‘Mental anguish’ and wider problems with IPP sentences | Letters

Nicolas Sanderson, who was involved in the creation of the sentence, corrects a common mistake. Mark Day says the government should eradicate this stain on our justice system

I would like to correct a widely repeated mistake about the indeterminate sentence for public protection (IPP), to the effect that it was “applied far more widely than intended” (‘Psychological torture’: call for reform after jail death, 10 January). I am the former head of policy in the Prison Service, and was involved in the creation of the sentence.

IPP was the invention of David Blunkett in 2001, against the advice of officials. He rejected the scheme for violent or sexual offenders proposed in a Home Office review of sentencing (Making Punishments Work), namely a determinate sentence with a review of the release date by the Parole Board, and a supervisory period that could be extended by the court.

Instead he mandated the IPP and it was applied precisely as intended and as set down in statute, with all the consequences that officials pointed out at the time. Most importantly, its application was mandatory upon the courts on a second conviction for a sexual or violent offence, however minor the actual behaviour. One of its first uses was where a man had squeezed a woman’s breast at a bus stop, and had a previous similar conviction: the court was obliged to impose an IPP. All the problems that have come to pass were glaringly apparent in that conviction.
Nicolas Sanderson
London

• The mental anguish inflicted on nearly 2,600 people serving the discredited and now abolished IPP is indicated in the shocking self-harm rates for this group. IPP prisoners are more than twice as likely to self-harm as people serving determinate sentences, with 872 incidents of self-harm per 1,000 IPP prisoners – a rate that has more than doubled over the past five years. In advice to ministers published in 2016, the Parole Board set out policy options for expediting the release of the remaining IPP population, as well as dealing with the growing problem of IPP recalls.

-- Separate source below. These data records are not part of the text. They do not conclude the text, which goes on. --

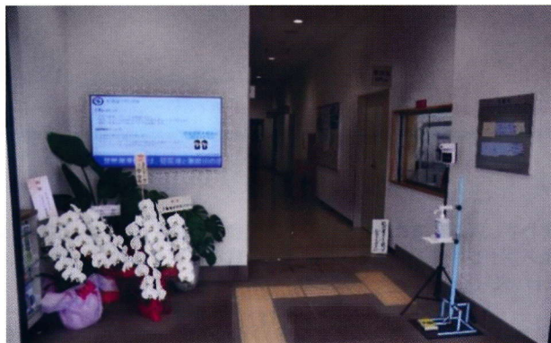
(玄関、受付カウンター)
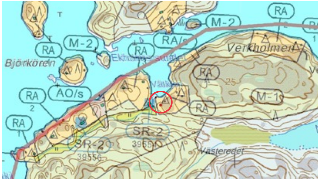
Karttaote: Våtkilen 1. Pohjakartta Maanmittauslaitos. Kaavakartta Sweco Oy. Kartan käsittely Jouni Taivainen, Arkebuusi.
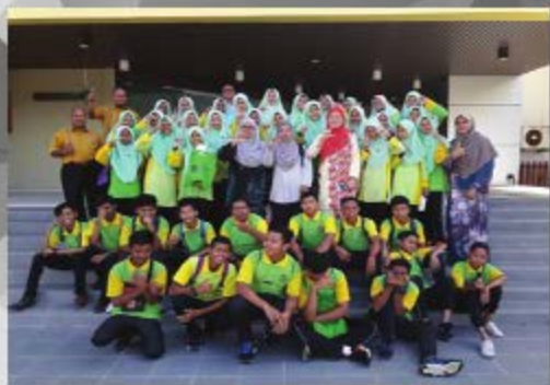
PENGAWAS PUSAT SUMBER SMK PULAU SERAI TARIKH: 15 OKTOBER 2018 TEMPAT: PERPUSTAKAAN CENDEKIAWAN KAMPUS DUNGUN, UITM CAWANGAN TERENGGANU
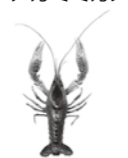
▲アメリカザリガニ

アメリカザリガニとアカミミガメの飼育や、個人間での無償譲渡は引き続き行うことができますが、野外に逃がす・放す、輸入、販売、購入、広く配ることを目的とした飼育などが規制されます。
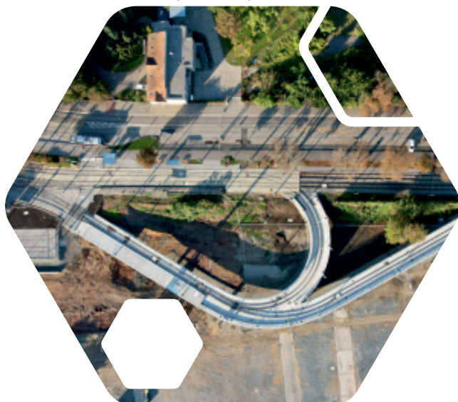
vratná smyčka Pisárky, ARENA BRNO

Modernizace tramvajové tratě při ulici Obvodová (úsek zastávka ZOO-smyčka Rakovecká) v rámci modernizace tramvajové trati byl mimo jiné zrealizován nový systém trolejového vedení tzv. řetězovka, který umožňuje vyšší rychlost celkové náklady: 144 mil. Kč (z fondů EU: 116,3 mil. Kč)
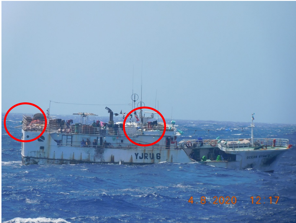
Figura (B). Fotografía de la Guardia costera de Estados Unidos del FV OCEAN STAR NO 2 durante la patrulla del 8 de abril de 2020. El círculo rojo resalta el arte de pesca de palangre observado en la cubierta del buque.
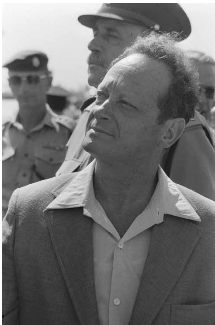
סגן ראש הממשלה ושר החינוך יגאל אלון, 23.5.1971

הסובייטים לקראת כינוסה של ועידת הפסגה במוסקבה שנועדה להיערך בשנת 1972. היועץ לביטחון לאומי, שהיה מופקד על השיחות בין וושינגטון למוסקבה וייחס חשיבות עליונה לערוץ זה, שבו דנו בין השאר בצמצום כמות הנשק הגרעיני של שתי מעצמות העל, חשש כי קידומו של הסדר הביניים בתעלת סואץ, ללא שיתופה של ברית המועצות, יעכיר את האווירה בדיונים בין שתי מעצמות העל ויקרין באופן שלילי על דיוני ועידת הפסגה. ואכן, ה'דטאנט' (De'tente) עם ברית המועצות תפס חלק עיקרי יותר ויותר במדיניות החוץ של קיסינג'ר. מימשל ניקסון, בניגוד לקודמו, יצר הייררכיה בתפיסת האיומים על ארצות הברית. אזורים פריפריאליים, ובהם המזרח התיכון, קיבלו חשיבות מועטה יחסית מול פוטנציאל הסיכון של האימפריה הסובייטית. האינטרס העליון של ארצות הברית, לדידם של קיסינג'ר וניקסון, היה אם כן לנסות 'למתן' את המדינה שהייתה מסוגלת יותר מכולם לאיים על מאזן הכוחות העולמי ועל האינטרסים האמריקניים בזירות השונות – ברית המועצות.
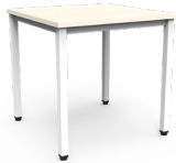
Mesa Paris 75x75x75cms SKU: AQ10 120x75x75cms SKU: AQ11

Without further legislation the board estimated that more than 1,000 IPP prisoners will remain stuck in the system by 2020, eight years after the sentence was abolished. Proposals for reform include conversion of IPP sentences into their equivalent determinate sentence, which could start with those on the shortest tariffs who have experienced the greatest injustice, and improvements to the licence conditions and support available to IPP prisoners on release. The government should finish the job it started and eradicate a stain on our justice system once and for all.